Crytek has not paid wages, employees are leaving - greendesk
http://www.kitguru.net/gaming/matthew-wilson/source-crytek-is-sinking-wages-are-unpaid-talent-leaving-on-a-daily-basis/
======
BoorishBears
Strangely enough, a few days ago someone who seemed to be an employee of
Crytek Budapest posted a plea with similar contents but it was flagged...

Edit: Looks like it's since been unflagged:

[https://news.ycombinator.com/item?id=13140938](https://news.ycombinator.com/item?id=13140938)
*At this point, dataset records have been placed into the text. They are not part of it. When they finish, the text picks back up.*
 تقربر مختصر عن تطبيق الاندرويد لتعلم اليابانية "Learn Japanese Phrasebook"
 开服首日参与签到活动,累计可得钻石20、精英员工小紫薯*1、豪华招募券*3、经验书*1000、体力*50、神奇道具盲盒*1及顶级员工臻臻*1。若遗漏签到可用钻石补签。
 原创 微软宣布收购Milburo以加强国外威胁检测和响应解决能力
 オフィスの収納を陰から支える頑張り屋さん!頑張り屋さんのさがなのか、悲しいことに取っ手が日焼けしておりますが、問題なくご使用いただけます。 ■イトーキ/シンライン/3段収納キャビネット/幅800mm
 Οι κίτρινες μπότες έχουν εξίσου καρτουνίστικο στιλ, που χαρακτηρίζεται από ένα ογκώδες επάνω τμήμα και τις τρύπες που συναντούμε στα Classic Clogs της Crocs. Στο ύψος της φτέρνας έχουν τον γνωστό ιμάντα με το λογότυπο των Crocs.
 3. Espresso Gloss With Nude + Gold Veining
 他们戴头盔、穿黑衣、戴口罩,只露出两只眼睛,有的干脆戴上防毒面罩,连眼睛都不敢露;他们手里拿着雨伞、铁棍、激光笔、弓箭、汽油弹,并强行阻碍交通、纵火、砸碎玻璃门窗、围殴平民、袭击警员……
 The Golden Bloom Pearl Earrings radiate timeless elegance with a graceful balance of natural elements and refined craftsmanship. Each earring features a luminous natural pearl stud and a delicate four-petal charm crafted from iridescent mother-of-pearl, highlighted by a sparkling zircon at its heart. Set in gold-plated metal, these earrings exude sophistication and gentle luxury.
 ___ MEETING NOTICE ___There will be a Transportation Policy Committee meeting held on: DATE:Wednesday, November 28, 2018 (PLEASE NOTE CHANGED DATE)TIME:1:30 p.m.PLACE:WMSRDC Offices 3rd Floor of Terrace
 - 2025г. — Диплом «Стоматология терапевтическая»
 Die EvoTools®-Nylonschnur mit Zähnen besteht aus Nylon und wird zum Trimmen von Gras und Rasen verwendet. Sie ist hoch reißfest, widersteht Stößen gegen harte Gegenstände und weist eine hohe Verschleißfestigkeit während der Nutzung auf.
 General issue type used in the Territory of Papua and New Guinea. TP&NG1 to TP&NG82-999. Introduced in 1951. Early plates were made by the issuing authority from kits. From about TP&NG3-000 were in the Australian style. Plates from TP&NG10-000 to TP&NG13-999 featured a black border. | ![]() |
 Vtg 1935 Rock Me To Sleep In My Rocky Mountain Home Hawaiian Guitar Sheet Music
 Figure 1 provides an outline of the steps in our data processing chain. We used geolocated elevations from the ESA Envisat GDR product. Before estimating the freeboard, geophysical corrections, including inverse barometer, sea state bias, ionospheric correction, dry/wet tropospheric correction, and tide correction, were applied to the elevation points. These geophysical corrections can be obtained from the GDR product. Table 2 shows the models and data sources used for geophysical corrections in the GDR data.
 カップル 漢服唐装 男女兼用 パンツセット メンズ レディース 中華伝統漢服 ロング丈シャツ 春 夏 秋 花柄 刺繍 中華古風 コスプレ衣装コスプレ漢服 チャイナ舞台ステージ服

> Crytek haven't paid their employees in Bulgaria in 3 months and all workers
> in that office are currently owed 3 full salaries. The company is not
> looking to pay these salaries any time soon and have spent the last few
> months lying about the availability of this money in order to keep as many
> employees as possible. > The Yerli brothers (Avni, Cevat and Faruk) are now
> looking at the second delay in the last 6 months (after finishing up a delay
> of 2 months just before the current one) and the third payment delay in the
> last two years.

> The former director of the Sofia studio, Vesselin Handjiev, left several
> months ago and the studio is entirely at the mercy of Crytek Frankfurt's
> leadership, which has proved to be unsuccessful in stemming the current
> bleeding for 6 months.

> Anyone who has an offer or is otherwise considering joining Crytek is
> advised to steer their ship elsewhere, as the current situation is rumored
> to apply to all studios within the company, even after the closure and
> selling off of several of the Crytek studios around the world.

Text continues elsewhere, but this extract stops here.